Organic cotton farming methods benefit farmers and their communities by:
-preventing and reducing farmer debt -improving food stability for farmers as a result of crop rotation –preventing pollution of the water table –and preventing potentially fatal pesticide poisoning of farmers and their families


http://www.youtube.com/watch?v=nlSQevNPBd4&NR=1


Worldwide Cotton Production




Current Retail Situation---------

As people become more conscious of organic vegetable farming, it is important for them to consider organic cotton as well.

On Wednesday I went to the Mall of America in search of an organic cotton t-shirt. Most sales associates understood the question, thought for a moment, before telling me they didn’t have anything that was labeled as organic cotton. Macy’s advised me to return next month when they would have a special Earth Day display.

H&M was the only store where I found a significant number of organic items. There were organic cotton products found throughout the store, clearly marked with a special tag reading either Organic Cotton or Organic Cotton Blend. H&M is a member of the organization Organic Exchange which is establishing worldwide networks to expand production of organic cotton.

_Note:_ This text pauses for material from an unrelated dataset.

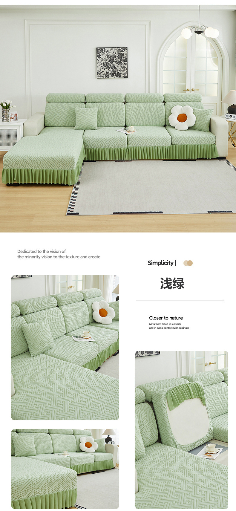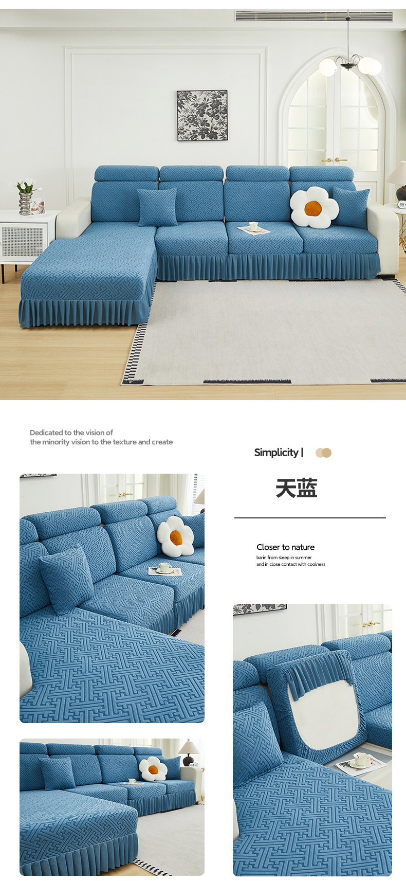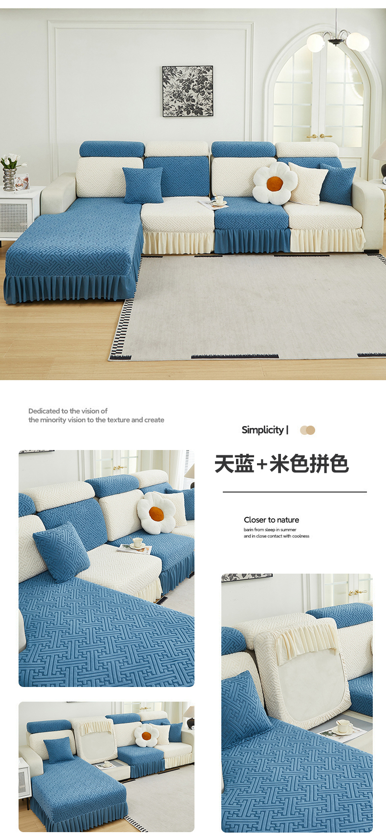 (总)天下布艺 2023新款纯色摇粒绒升级北欧百褶裙摆工艺通用沙发笠—斜格裙边,1,2,3,4,5,6,7,8,拼色1

They have a goal of increasing the amount of certified organic land farmed for fiber production by 50% per year.

The United Nations named 2009 the International Year of Natural Fibers.

Cotton is the most popular natural fiber in the world, it is also the most pesticide dependent crop, making the switch to organic cotton not just desirable, but vital. Organic cotton production is rising every year, but without consumers increasingly demanding organic products, and demanding that what they are buying does not alter or cause harm to the environment, the industry lacks incentive for change.